--- DATA PROVIDED Enclosed Below ---
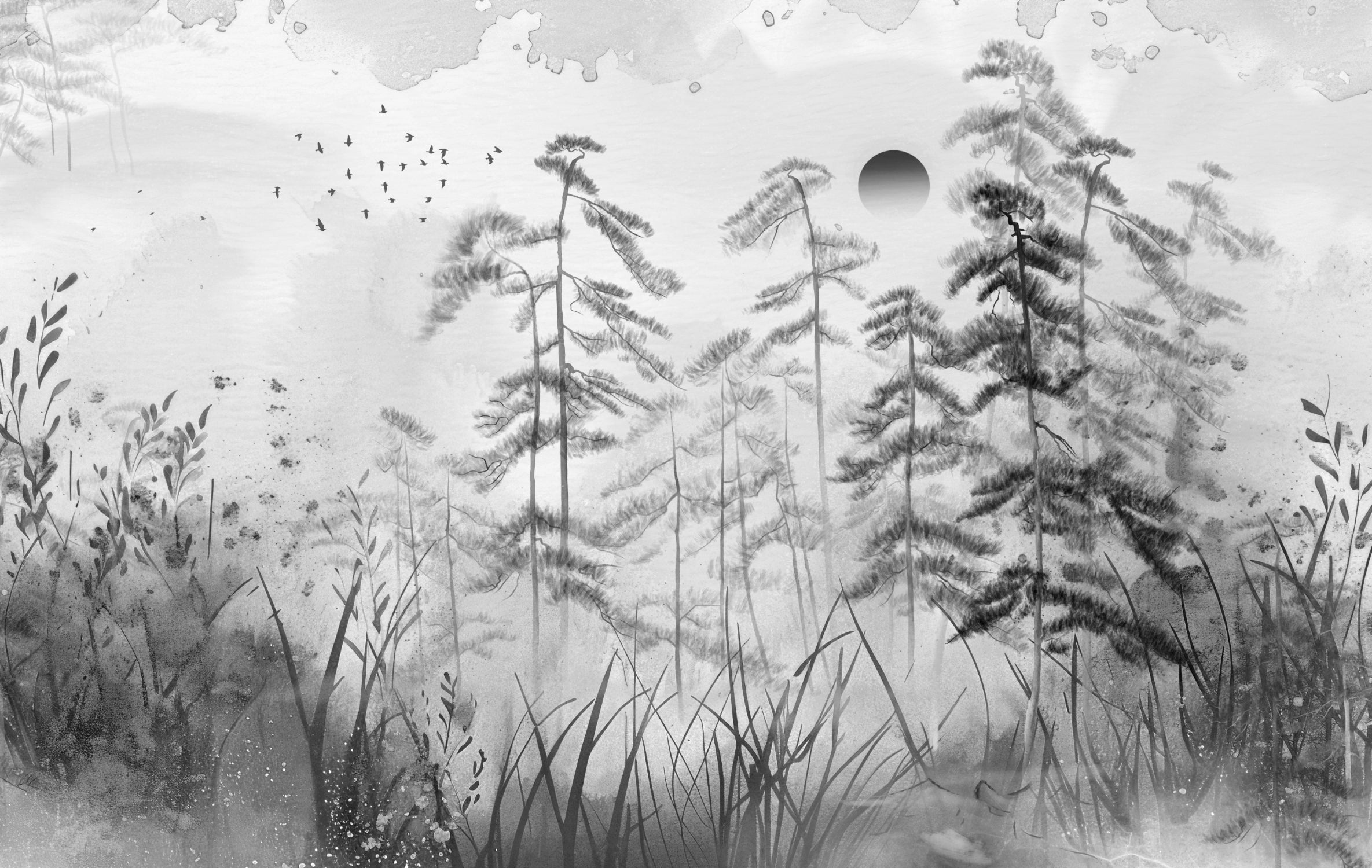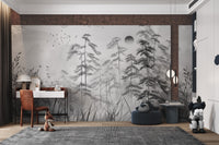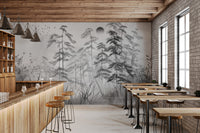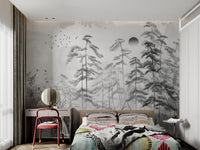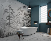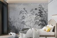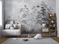 The grayscale misty forest landscape wallpaper is perfect for a peaceful atmosphere. This mural's gentle and soft forest elements create a sense of calmness beautifully. This mixture of misty trees with monochromes would give any room a more minimized and inviting appeal. It is, without doubt, the best combination for modern or rustic themes, with delicate tree silhouettes featured against a misty background that provides an understated yet captivating appeal. Enhance your living space with this forest landscape mural and enjoy its serene effect on your walls. Get it now and enjoy free delivery on your order.
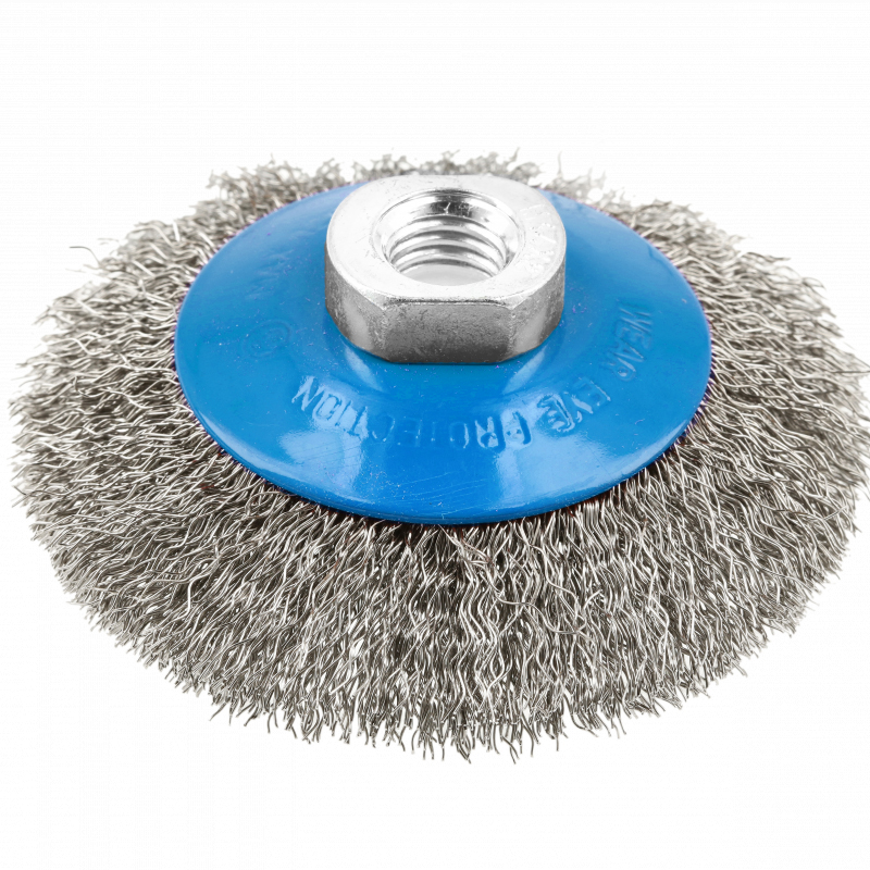 Характеристикадля угловых шлифовальных машин;проволока из нержавеющей стали;оснащена плотной высококачественной проволокой для высокой производительности при очистке и других работах;диаметр проволоки 0,3 мм;макс. скорость 12500 об/мин;крепление M14для сложной очистки плоских поверхностей.
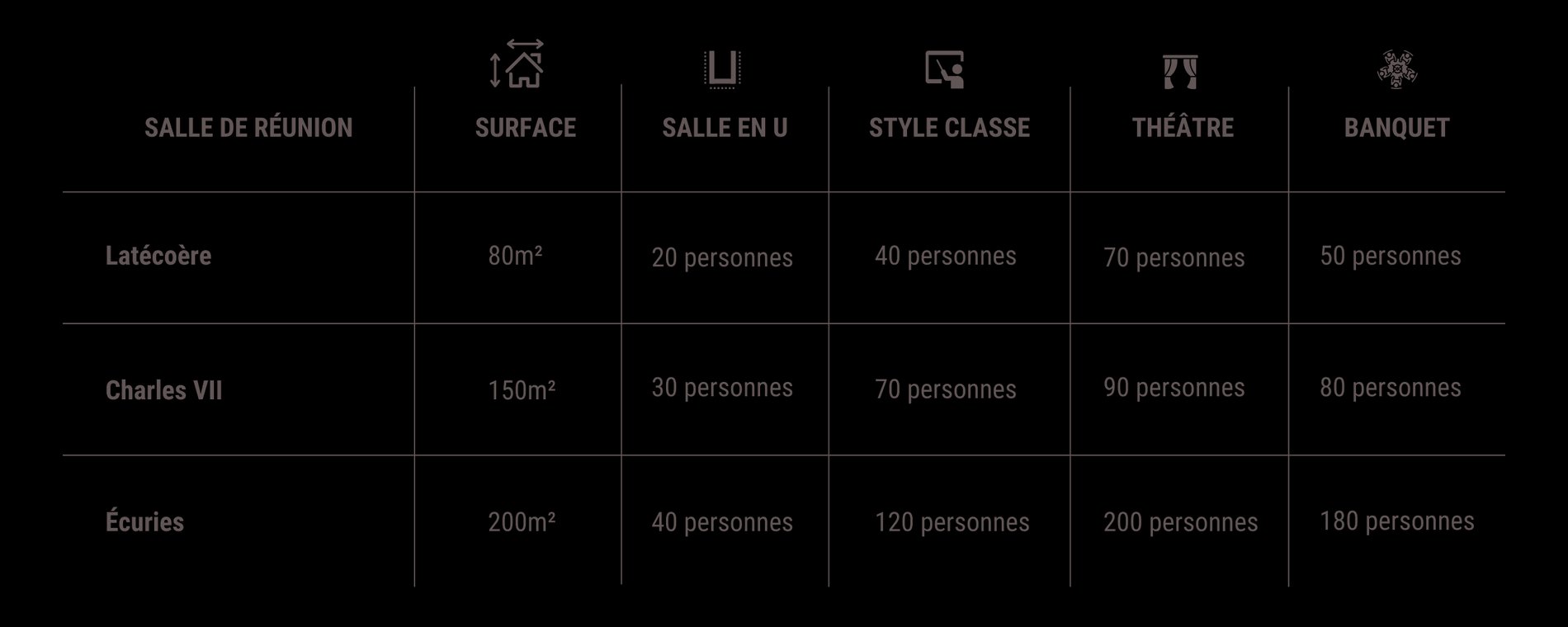 Pour un cadre à la fois chaleureux et raffiné, la Salle Latécoère offre une atmosphère authentique avec son sol en terre cuite et ses poutres apparentes. Son charme intemporel en fait un espace idéal pour accueillir vos réunions professionnelles, alliant élégance et convivialité pour des moments d’échanges et de partage.
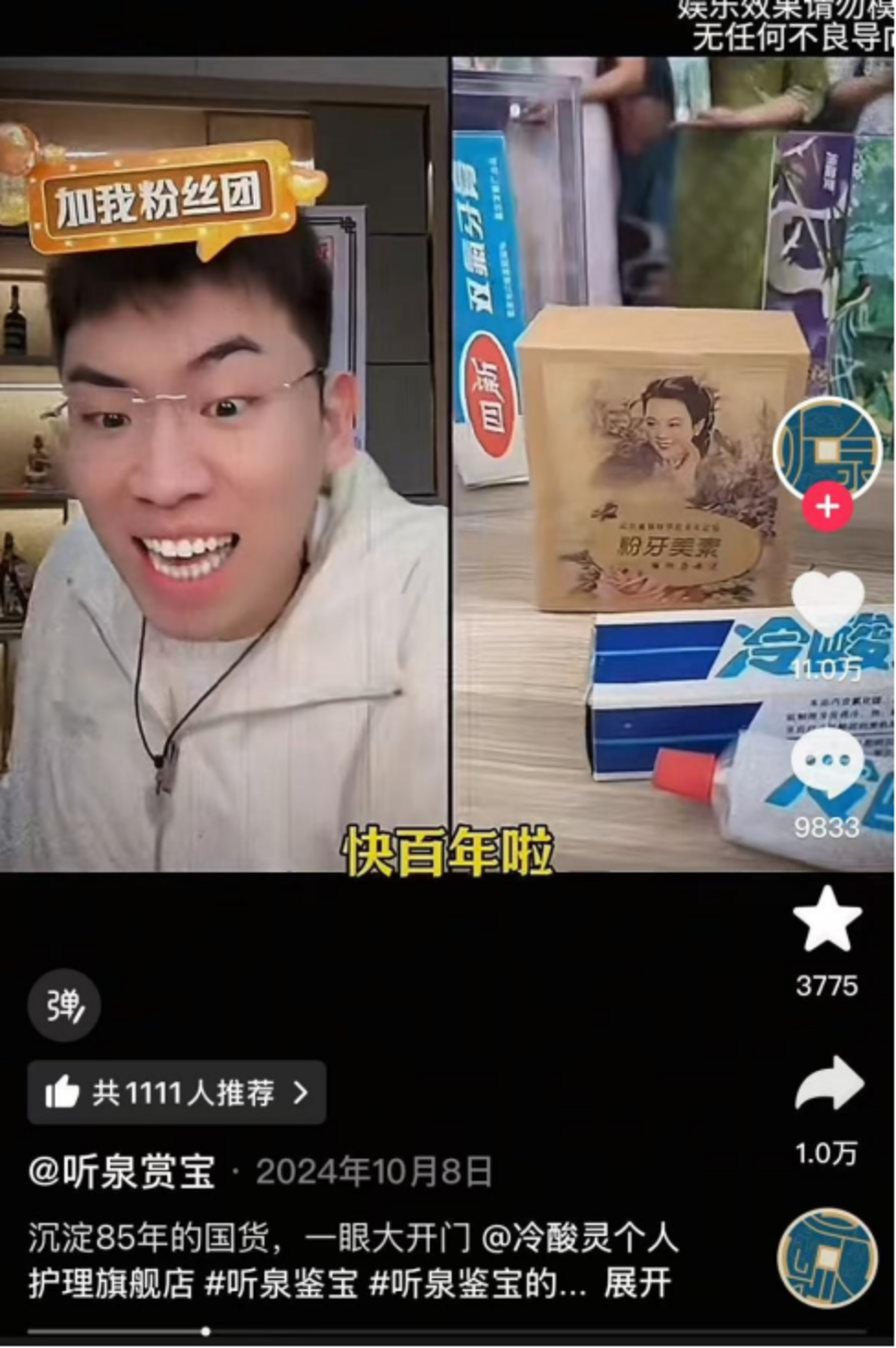 听泉鉴宝和冷酸灵的连麦带货,图/抖音
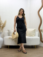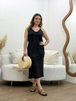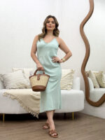 O Vestido com Fenda Enviesado é a escolha perfeita para quem busca elegância com leveza e conforto. Com design minimalista e corte enviesado, o modelo valoriza a silhueta de forma natural, proporcionando um caimento fluido e sofisticado. A fenda lateral adiciona um toque moderno e sutilmente sensual, tornando o visual mais interessante e feminino. Feito em tecido leve e macio, garante frescor e liberdade de movimento, ideal para compor produções tanto casuais quanto mais elaboradas.
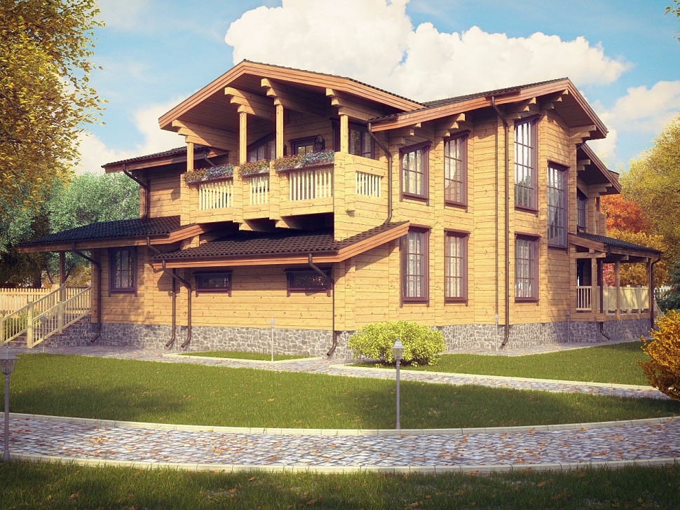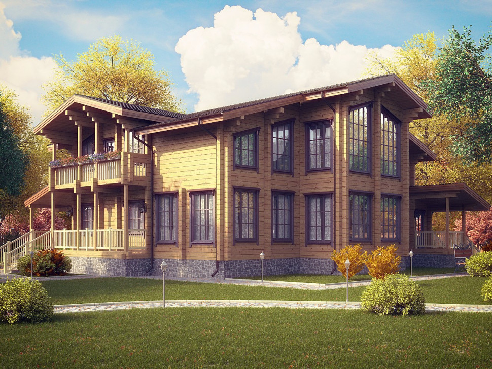 Сохранив во внешней отделке естественные цвета натурального дерева, архитекторы подчеркнули сходство дома со старинной русской усадьбой, напоминающей сказочный терем. Вместе с тем, высокие элегантные окна с мелкой расстекловкой и наличие эркера создают аллюзию на типичные европейские коттеджи.
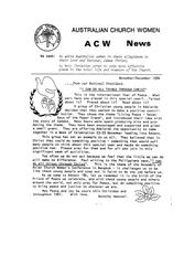Church Women, Australian.Acw News 1986 11 November. Australian Church Women. 1986. Retrieved from the Atla Digital Library, https://archives.moore.edu.au/documents/detail/147825.
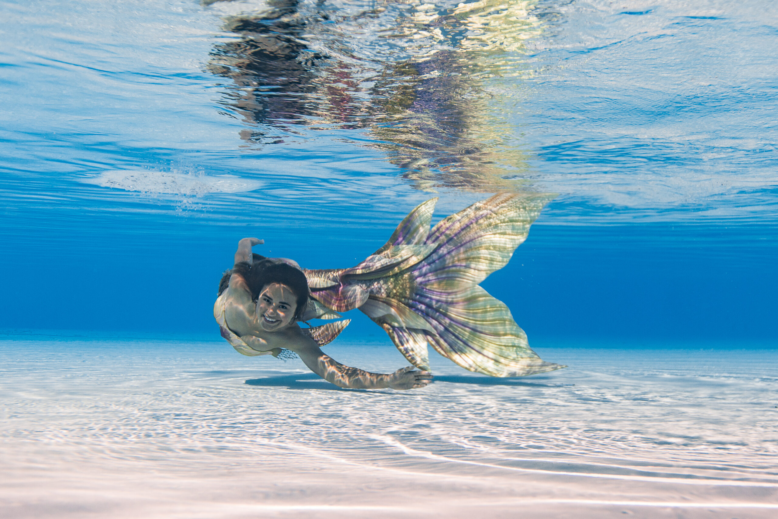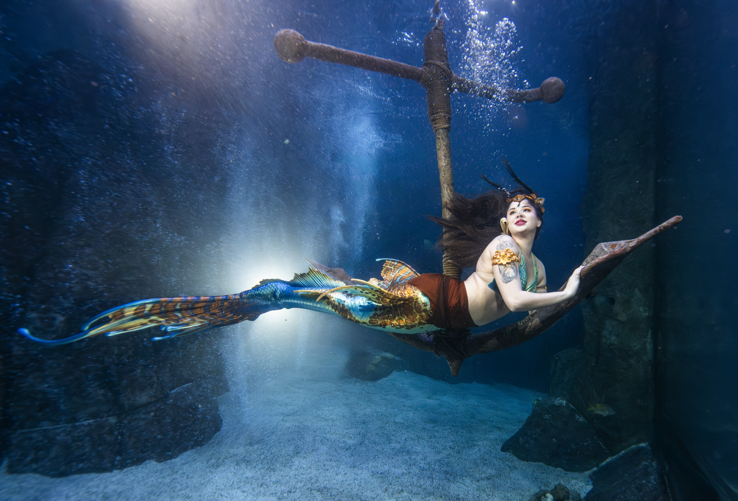Above the water, at the Mermaid Beach Club, a mermaid will sit in the Touch Tank surrounded by cow nose and southern stingrays, singing and even blowing kisses.
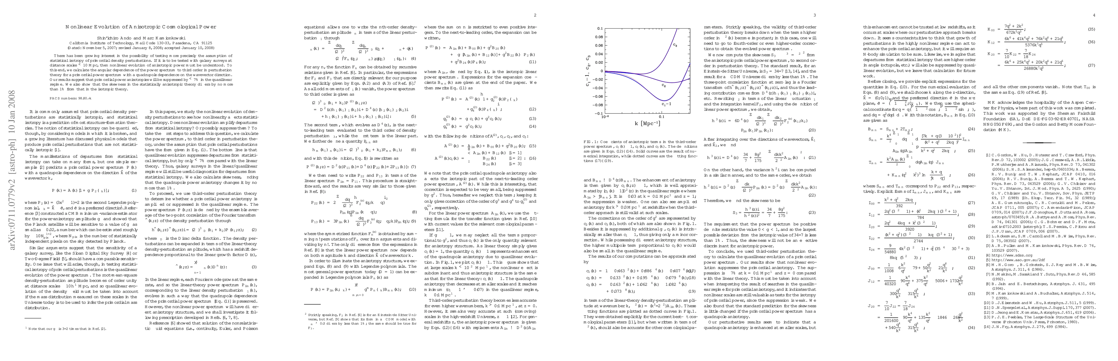 Researchers calculated the impact of nonlinear evolution on anisotropic power in cosmology, finding that primordial power anisotropies will be suppressed by less than 7% at a distance scale of 10 Mpc.
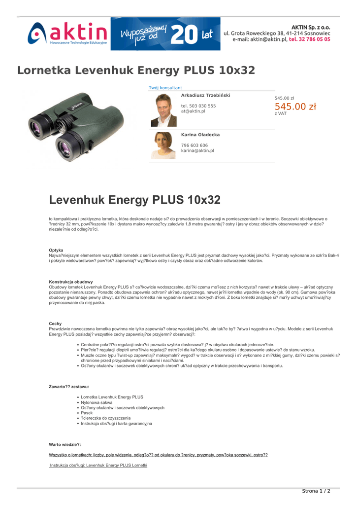 Lornetka Levenhuk Energy PLUS 10x32 Twój konsultant Arkadiusz Trzebiński tel. 503 030 555 [email protected] NOWOŚĆ W OFERCIE 545.00 zł 545.00 zł z VAT Karina Gładecka 796 603 606 [email protected] Levenhuk Energy PLUS 10x32 to kompaktowa i praktyczna lornetka, która doskonale nadaje si? do prowadzenia obserwacji w pomieszczeniach i w terenie. Soczewki obiektywowe o ?rednicy 32 mm, powi?kszenie 10x i dystans makro wynosz?cy zaledwie 1,8 metra gwarantuj? ostry i jasny obraz obiektów obserwowanych w dzie? niezale?nie od odleg?o?ci. Optyka Najwa?niejszym elementem wszystkich lornetek z serii Levenhuk Energy PLUS jest pryzmat dachowy wysokiej jako?ci. Pryzmaty wykonane ze szk?a Bak-4 i pokryte wielowarstwow? pow?ok? zapewniaj? wyj?tkowo ostry i czysty obraz oraz dok?adne odtworzenie kolorów. Konstrukcja obudowy Obudowy lornetek Levenhuk Energy PLUS s? ca?kowicie wodoszczelne, dzi?ki czemu mo?esz z nich korzysta? nawet w trakcie ulewy – uk?ad optyczny pozostanie nienaruszony. Ponadto obudowa zapewnia ochron? uk?adu optycznego, nawet je?li lornetka wpadnie do wody (ok. 90 cm). Gumowa pow?oka obudowy gwarantuje pewny chwyt, dzi?ki czemu lornetka nie wypadnie nawet z mokrych d?oni. Z boku lornetki znajduje si? ma?y uchwyt umo?liwiaj?cy przymocowanie do niej paska. Cechy Prawdziwie nowoczesna lornetka powinna nie tylko zapewnia? obraz wysokiej jako?ci, ale tak?e by? ?atwa i wygodna w u?yciu. Modele z serii Levenhuk Energy PLUS posiadaj? wszystkie cechy zapewniaj?ce przyjemn? obserwacj?: Centralne pokr?t?o regulacji ostro?ci pozwala szybko dostosowa? j? w obydwu okularach jednocze?nie. Pier?cie? regulacji dioptrii umo?liwia regulacj? ostro?ci dla ka?dego okularu osobno i dopasowanie ustawie? do stanu wzroku. Muszle oczne typu Twist-up zapewniaj? maksymaln? wygod? w trakcie obserwacji i s? wykonane z mi?kkiej gumy, dzi?ki czemu powieki s? chronione przed przypadkowymi siniakami i naci?ciami. Os?ony okularów i soczewek obiektywowych chroni? uk?ad optyczny w trakcie przechowywania i transportu. Zawarto?? zestawu: Lornetka Levenhuk Energy PLUS Nylonowa sakwa Os?ony okularów i soczewek obiektywowych Pasek ?ciereczka do czyszczenia Instrukcja obs?ugi i karta gwarancyjna Warto wiedzie?: Wszystko o lornetkach: liczby, pole widzenia, odleg?o?? od okularu do ?renicy, pryzmaty, pow?oka soczewki, ostro?? Instrukcja obs?ugi: Levenhuk Energy PLUS Lornetki Strona 1 / 2 Powi?kszenie, x Typ Materia? uk?adu optycznego Pow?oka uk?adu optycznego ?rednica soczewki obiektywowej (apertura), mm Odleg?o?? od okularu do ?renicy, mm Oddalenie ?renicy wyj?ciowej, mm Wspó?czynnik zmierzch Jasno?? wzgl?dna Pole widzenia, ° Pole widzenia przy 1000 m Makro, m Regulacja dioptrii okularu, dioptrii Wodoszczelna Wymiary, mm Masa, kg 10 Pryzmat dachowy Szk?o BaK-4 pe?na, wielowarstwowa pow?oka 32 3,2 14 17,89 10,24 5,8 101 2 tak tak 130x127x48 0,554 Strona 2 / 2 Powered by TCPDF (www.tcpdf.org)
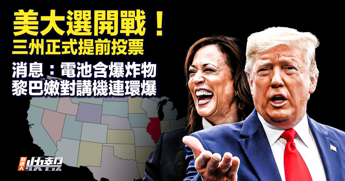 今日焦點:美大選打戰! 三州啟動提前投票;中國銀行裁員逾4萬 員工上街發傳單;真主黨高官被以軍擊斃 美曾懸賞7百萬;黎巴嫩對講機連環爆 消息:電池含爆炸物;美30年房貸率近6% 19月來最低。
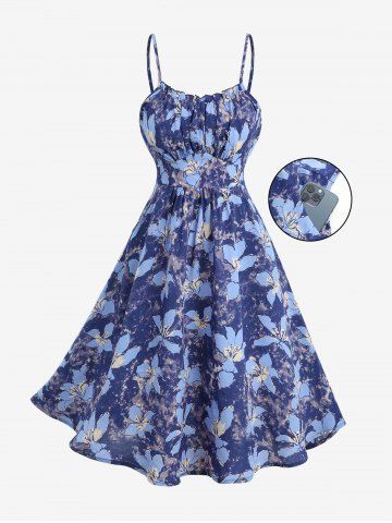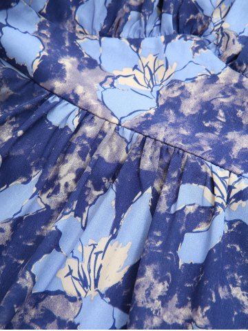 Flowers Tie Dye Print Ruched Ruffles Cami Dress With Cinched Surplice Top - Deep Blue - S
--- End of Enclosed DATA PROVIDED ---
TASK PROMPT
For this task, return exactly the stretch of the listing above from the line with "Church Women, Australian.Acw" through the line with "Researchers calculated the", inclusive and without pictures.

TASK OUTPUT
Church Women, Australian.Acw News 1986 11 November. Australian Church Women. 1986. Retrieved from the Atla Digital Library, https://archives.moore.edu.au/documents/detail/147825.
Above the water, at the Mermaid Beach Club, a mermaid will sit in the Touch Tank surrounded by cow nose and southern stingrays, singing and even blowing kisses.
 Researchers calculated the impact of nonlinear evolution on anisotropic power in cosmology, finding that primordial power anisotropies will be suppressed by less than 7% at a distance scale of 10 Mpc.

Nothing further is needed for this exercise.